Mutant - Data Schema Generator#

Preface#

My team was developing simple storage service, that aggregates data from number of not so simple storages. All service does is receiving and serving documents, that can be represented as dictionaries and lists (json serializable). It used SQL database for persistent storage and Solr for fast querying and caching. As this definition sounds simple, it took ridiculously long time to implement it. Even that we took Django with Rest Framework we had a lot of things to do. And now, when we want to add new field, we have to change code in 6 places:

  • Database ORM models;

  • RestFramework serializer models and fields;

  • FilterBackend configuration;

  • Solr schema;

  • Cerberus validation rules;

That’s way too easy to forget about one place.

Data Definition Language and Code Generator#

That’s why I think about creating data-driven framework, that will allow us to define our data once and have everything else automatically derived.

Let’s imagine how data definition would look like using YAML format. Definition should be brief for common cases and extensible for every possible special case. So, we will describe document, that contains linked entities, with each entity having it’s own set of fields. Nothing special so far. Here is entity definition.

Author:
    username: {type: String, max_length: 30, primary-key: true}
    email: Email
    password: {type: String, private: true}

We define entity author, that has fields username, email and password. Username and password use full notation and have type string. Email uses short notation of type alone. Also, username length is limited to 30 symbols and it is marked as primary key for Author. Password field is marked as private. Entity and type names use CamelCase notation and field names are lowercase.
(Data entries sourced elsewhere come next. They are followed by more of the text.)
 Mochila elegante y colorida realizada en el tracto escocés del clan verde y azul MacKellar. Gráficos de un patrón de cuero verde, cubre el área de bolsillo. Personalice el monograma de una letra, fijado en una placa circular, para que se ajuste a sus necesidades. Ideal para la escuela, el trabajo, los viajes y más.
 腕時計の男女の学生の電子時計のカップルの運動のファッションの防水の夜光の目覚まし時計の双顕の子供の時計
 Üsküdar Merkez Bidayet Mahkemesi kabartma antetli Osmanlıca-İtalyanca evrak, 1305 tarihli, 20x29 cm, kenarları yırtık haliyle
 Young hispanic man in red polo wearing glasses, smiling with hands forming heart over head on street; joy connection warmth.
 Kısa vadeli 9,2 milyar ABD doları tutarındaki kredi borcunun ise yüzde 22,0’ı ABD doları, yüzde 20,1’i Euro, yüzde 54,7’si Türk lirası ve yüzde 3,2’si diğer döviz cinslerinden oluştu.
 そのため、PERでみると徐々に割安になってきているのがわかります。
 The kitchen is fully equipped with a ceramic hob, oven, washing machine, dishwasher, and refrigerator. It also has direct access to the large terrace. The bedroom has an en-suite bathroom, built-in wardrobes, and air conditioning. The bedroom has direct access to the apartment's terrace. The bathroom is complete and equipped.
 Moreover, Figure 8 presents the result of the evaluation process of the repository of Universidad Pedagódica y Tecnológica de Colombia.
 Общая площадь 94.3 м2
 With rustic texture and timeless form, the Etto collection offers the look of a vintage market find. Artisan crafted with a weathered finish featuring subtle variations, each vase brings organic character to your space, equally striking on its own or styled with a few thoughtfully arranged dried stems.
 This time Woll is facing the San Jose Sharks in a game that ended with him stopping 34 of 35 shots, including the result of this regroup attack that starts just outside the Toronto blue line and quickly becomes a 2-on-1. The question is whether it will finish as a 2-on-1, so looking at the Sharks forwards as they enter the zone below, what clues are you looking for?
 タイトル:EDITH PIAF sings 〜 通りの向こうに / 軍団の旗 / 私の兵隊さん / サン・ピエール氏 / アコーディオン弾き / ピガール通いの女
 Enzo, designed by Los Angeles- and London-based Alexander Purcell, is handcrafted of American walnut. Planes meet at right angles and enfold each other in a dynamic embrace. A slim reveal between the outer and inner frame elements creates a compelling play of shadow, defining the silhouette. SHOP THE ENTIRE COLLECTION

So there could be some simple generator, that makes Python classes for definitions:

>>> definition = load_yaml("author.yaml")
>>> Author = make_class(definition)
>>> peter = Author(username="peter", email="peter@data-driven.com", password="secret")
>>> peter
<Author username="peter">

Not very useful, but it shows the idea. For people familiar with Django ORM, we can auto generate following Django model:

from django.db import models


class Author(models.Model):
    username = models.CharField(primary_key=True, max_length=30)
    email = models.EmailField()
    password = models.CharField(max_length=255)

And for solr schema:

<fields>
  <field name="author_username" type="string" indexed="true" stored="true" required="true" />
  <field name="author_email" type="string" indexed="true" stored="true" required="true" />
</fields>

That easy! Well, I’ll need to find a way to make generators extendable. But at this point we looked at simplistic example of one entity.

More complex example#

Let’s define blog. Blog has posts, authors, tags and annotations.

Blog:
    posts: {list-of: Post, own: true}
    authors: {list-of: Author, link-through: Post}
    tags: {list-of: Tag, link-through: Post}
    annotation: String
Post:
    author: Author
    tags: {list-of: Tag}
    title: String
    body: Text
    created: {type: Datetime, auto-set-on: create}
    updated: {type: Datetime, auto-set-on: update}
Author:
    username: {type: String, max_length: 30, primary-key: true}
    email: Email
    password: {type: String, private: true}
Tag:
    title: String

We added more entity definitions with relations between them. Let’s dig into relations. As you may see, Author and Tag entities are connected to both Post and Blog. But link-through key disambiguates relationship, so that Blog does not contain Tags directly.

Schematically defined entity relations can be represented with this diagram:

Blog (1 -> *) Post
Post (* -> 1) Author
Post (* -> *) Tag

One Blog can have many Posts, but each Post belong to exactly on Blog (One-to-Many relationship), because Blog.posts are defined as list with own flag set to true. Each Post has one Author, but Author can have many Posts - that what happens when declaring simple field. And finally each Post can have many Tags and each Tag can be attached to many posts (Many-to-Many).

Looks like used YAML structure is versatile enough for given task.